What you will do:
Below are records with pictures in them. Output exactly the lines from the one with "Placing the centerpiece" through the one with "Workers laying pipe in Najaf governorate", both included, and leave every picture out; give only those lines.

= = =

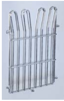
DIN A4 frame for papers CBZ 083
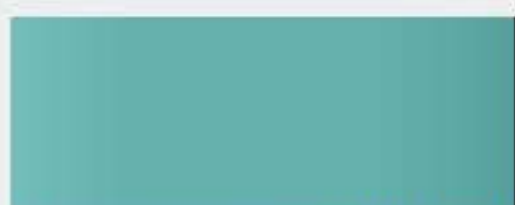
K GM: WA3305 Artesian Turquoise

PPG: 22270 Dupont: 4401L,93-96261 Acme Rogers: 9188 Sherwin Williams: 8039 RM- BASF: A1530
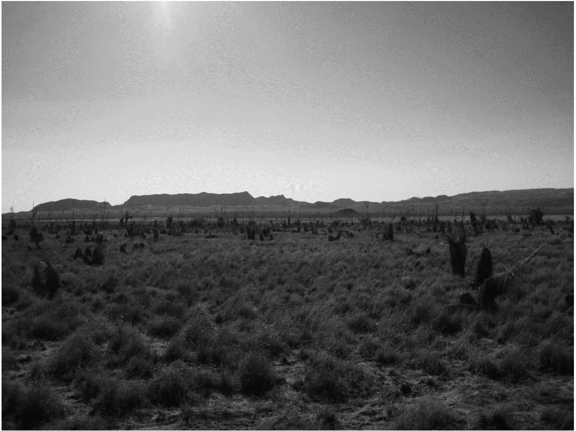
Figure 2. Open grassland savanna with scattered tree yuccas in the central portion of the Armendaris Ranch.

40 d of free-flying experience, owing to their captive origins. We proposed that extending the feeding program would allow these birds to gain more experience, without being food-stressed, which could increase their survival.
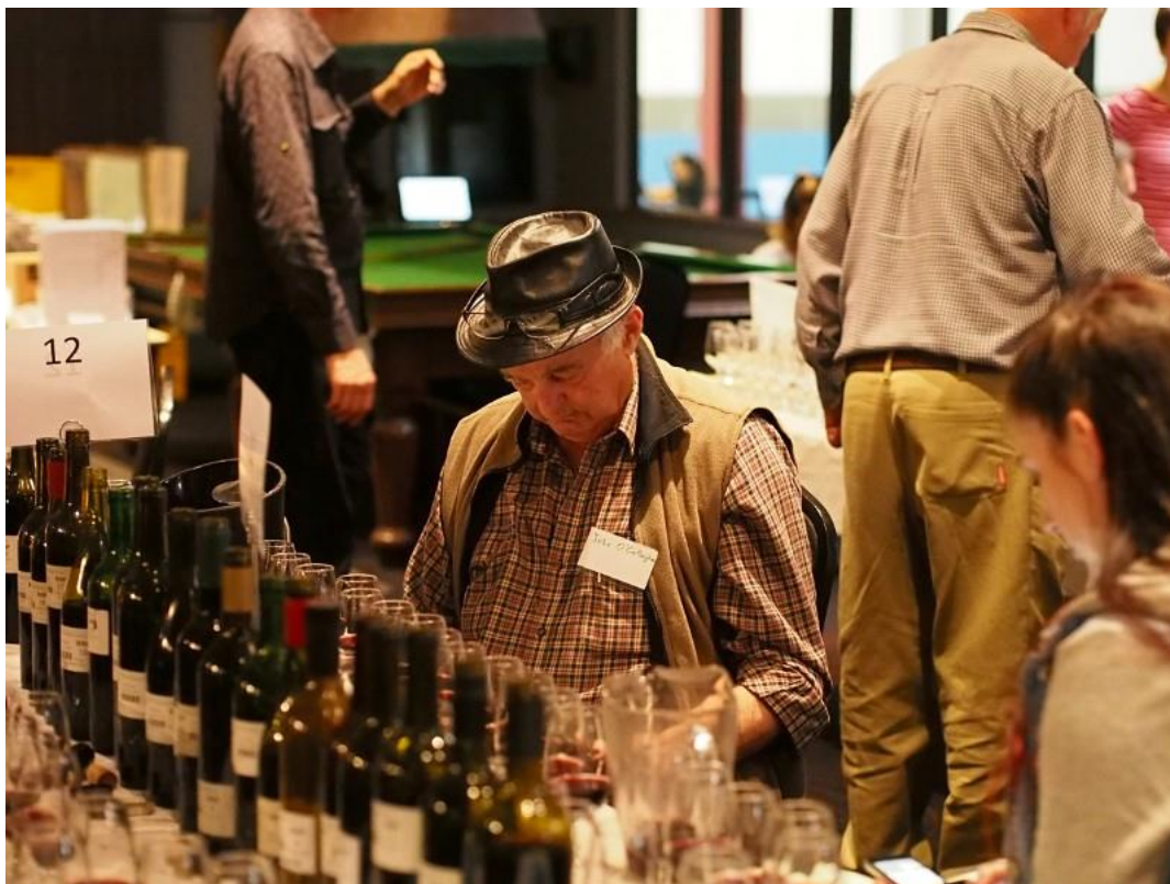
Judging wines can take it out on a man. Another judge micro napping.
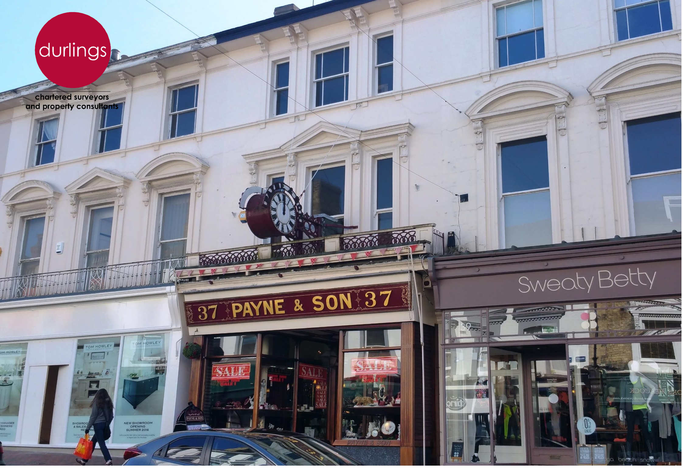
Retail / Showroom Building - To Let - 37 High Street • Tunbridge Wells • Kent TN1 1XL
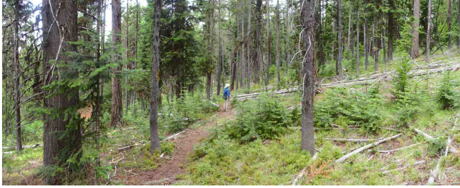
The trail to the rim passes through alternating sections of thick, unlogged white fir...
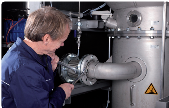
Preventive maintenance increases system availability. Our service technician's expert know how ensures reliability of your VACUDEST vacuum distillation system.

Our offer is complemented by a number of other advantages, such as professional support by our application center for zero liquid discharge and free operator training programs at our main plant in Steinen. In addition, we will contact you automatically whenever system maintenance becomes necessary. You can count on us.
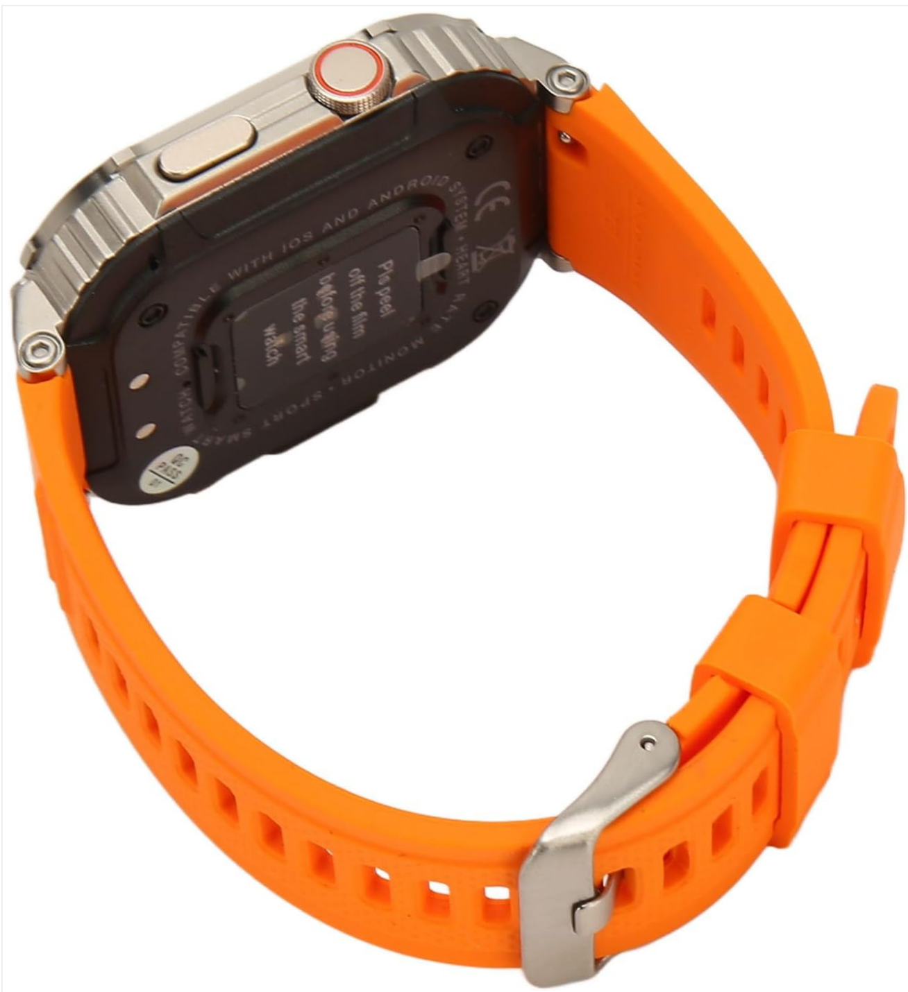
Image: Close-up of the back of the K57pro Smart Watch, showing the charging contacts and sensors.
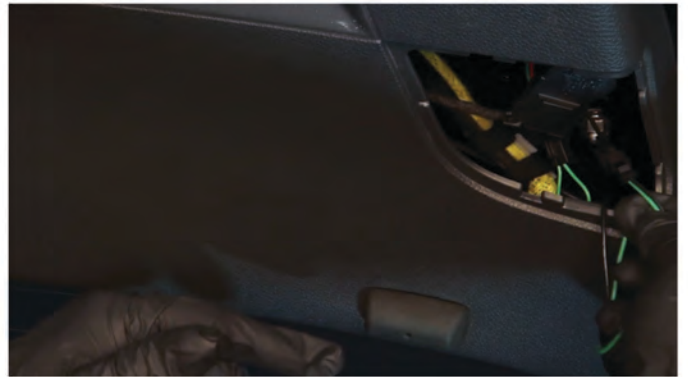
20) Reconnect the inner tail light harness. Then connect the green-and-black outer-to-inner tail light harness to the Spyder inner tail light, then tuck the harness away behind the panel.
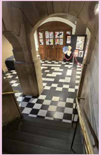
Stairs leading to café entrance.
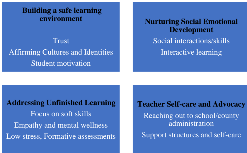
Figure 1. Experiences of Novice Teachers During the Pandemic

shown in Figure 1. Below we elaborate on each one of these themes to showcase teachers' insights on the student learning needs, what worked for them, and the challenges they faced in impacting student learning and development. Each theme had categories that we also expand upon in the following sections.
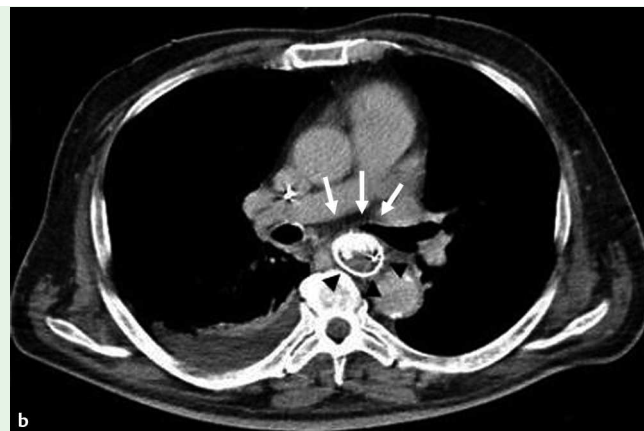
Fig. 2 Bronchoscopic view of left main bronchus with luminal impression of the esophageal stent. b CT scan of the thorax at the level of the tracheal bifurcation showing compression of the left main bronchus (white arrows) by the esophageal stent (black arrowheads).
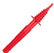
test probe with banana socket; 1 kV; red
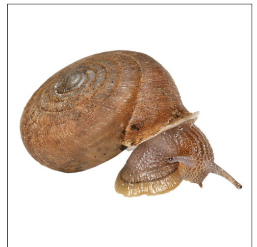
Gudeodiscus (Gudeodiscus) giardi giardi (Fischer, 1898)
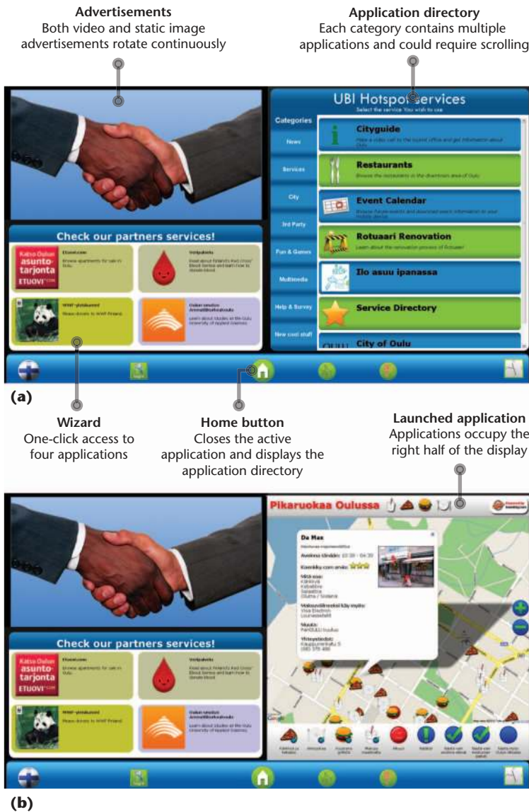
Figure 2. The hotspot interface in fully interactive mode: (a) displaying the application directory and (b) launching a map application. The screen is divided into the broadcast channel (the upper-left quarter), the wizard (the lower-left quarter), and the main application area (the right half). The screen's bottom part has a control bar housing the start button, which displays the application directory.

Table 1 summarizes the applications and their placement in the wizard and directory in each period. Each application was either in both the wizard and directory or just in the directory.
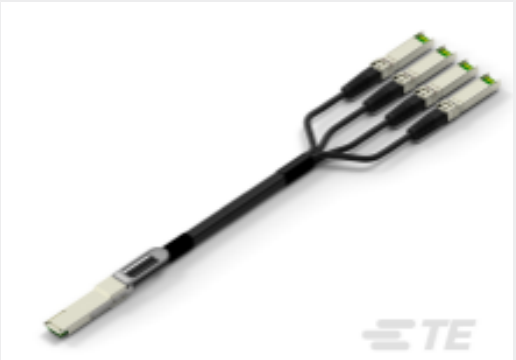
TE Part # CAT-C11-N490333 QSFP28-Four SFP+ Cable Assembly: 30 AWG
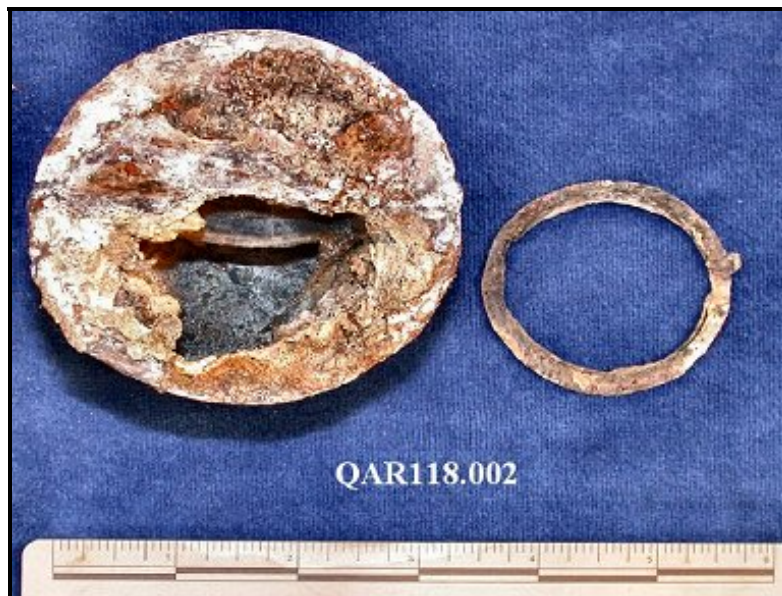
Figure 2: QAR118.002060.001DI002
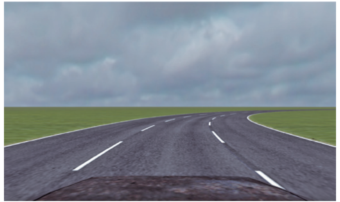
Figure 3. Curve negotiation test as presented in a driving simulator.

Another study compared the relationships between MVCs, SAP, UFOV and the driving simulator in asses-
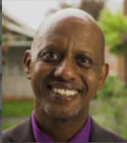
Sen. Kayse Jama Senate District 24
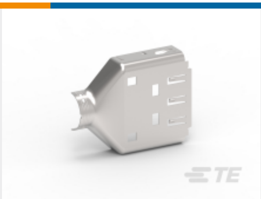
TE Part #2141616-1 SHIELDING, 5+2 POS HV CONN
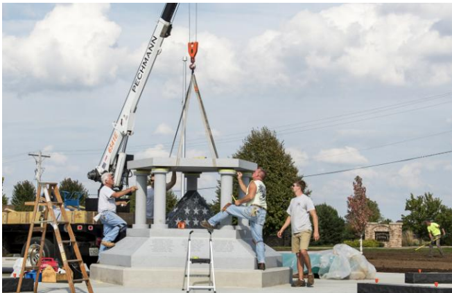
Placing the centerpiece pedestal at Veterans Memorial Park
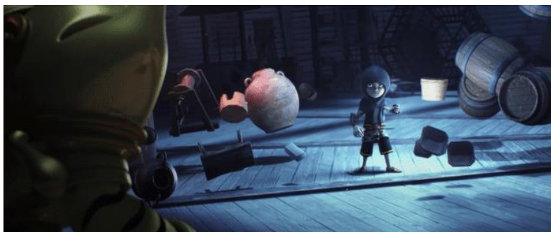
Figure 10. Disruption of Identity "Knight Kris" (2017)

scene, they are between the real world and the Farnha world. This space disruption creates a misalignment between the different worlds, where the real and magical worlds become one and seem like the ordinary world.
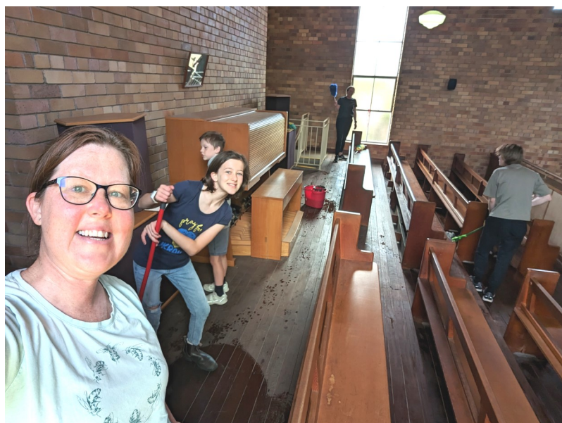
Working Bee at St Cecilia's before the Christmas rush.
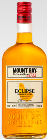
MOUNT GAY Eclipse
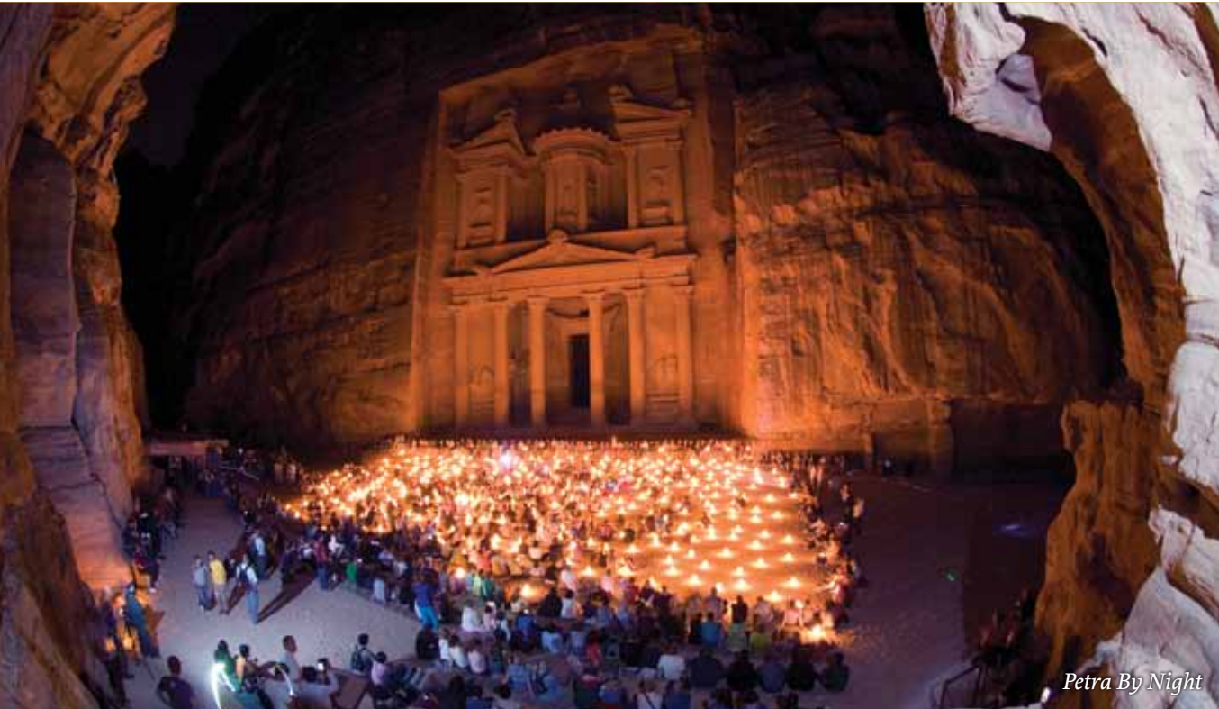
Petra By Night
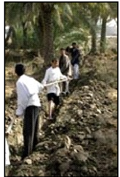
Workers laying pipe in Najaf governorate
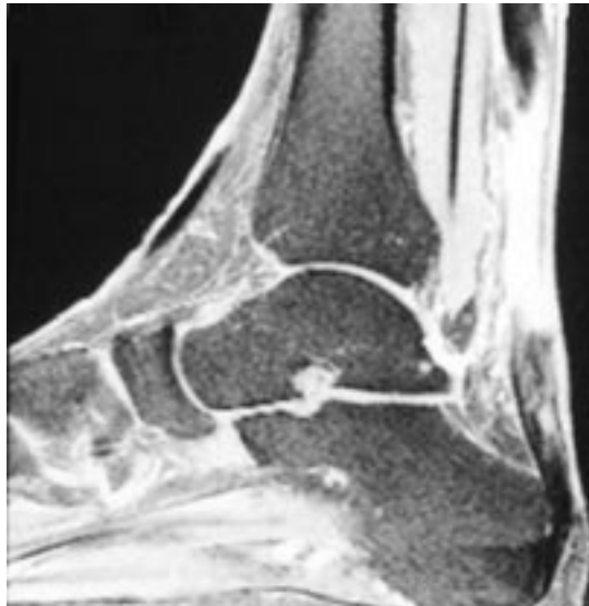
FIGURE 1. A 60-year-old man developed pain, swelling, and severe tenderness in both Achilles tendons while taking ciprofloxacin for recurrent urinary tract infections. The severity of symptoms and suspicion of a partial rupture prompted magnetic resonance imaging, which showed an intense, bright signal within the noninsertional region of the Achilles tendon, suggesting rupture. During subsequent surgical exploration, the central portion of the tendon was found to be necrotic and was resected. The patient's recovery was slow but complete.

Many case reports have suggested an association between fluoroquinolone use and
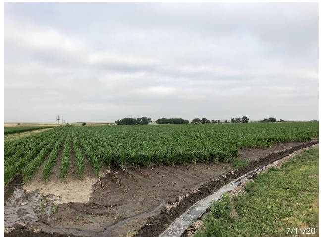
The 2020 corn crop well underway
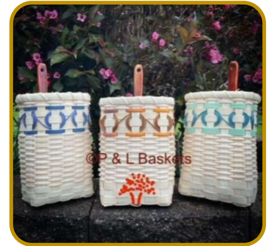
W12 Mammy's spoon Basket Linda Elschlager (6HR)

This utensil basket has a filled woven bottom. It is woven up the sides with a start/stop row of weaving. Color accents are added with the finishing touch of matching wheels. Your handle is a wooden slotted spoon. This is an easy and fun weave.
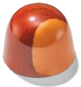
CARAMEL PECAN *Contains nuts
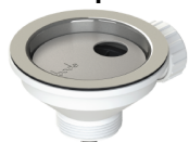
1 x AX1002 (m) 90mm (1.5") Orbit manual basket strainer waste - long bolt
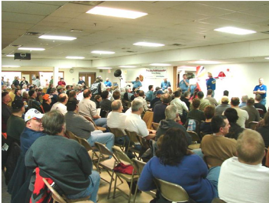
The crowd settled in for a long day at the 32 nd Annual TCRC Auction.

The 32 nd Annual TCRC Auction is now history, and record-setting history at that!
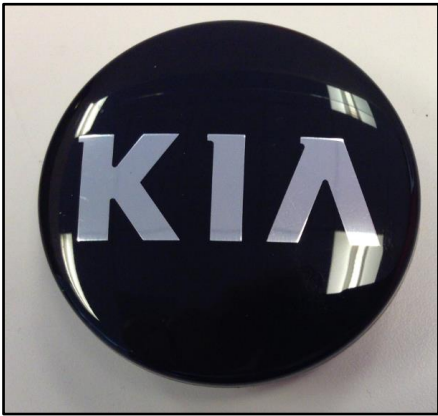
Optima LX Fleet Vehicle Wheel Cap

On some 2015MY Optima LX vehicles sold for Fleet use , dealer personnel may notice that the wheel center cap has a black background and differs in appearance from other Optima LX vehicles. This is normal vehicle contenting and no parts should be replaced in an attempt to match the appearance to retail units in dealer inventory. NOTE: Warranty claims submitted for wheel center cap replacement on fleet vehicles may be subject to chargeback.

= = =

Response area:
Placing the centerpiece pedestal at Veterans Memorial Park
Figure 10. Disruption of Identity "Knight Kris" (2017)

scene, they are between the real world and the Farnha world. This space disruption creates a misalignment between the different worlds, where the real and magical worlds become one and seem like the ordinary world.
Working Bee at St Cecilia's before the Christmas rush.
MOUNT GAY Eclipse
Petra By Night
Workers laying pipe in Najaf governorate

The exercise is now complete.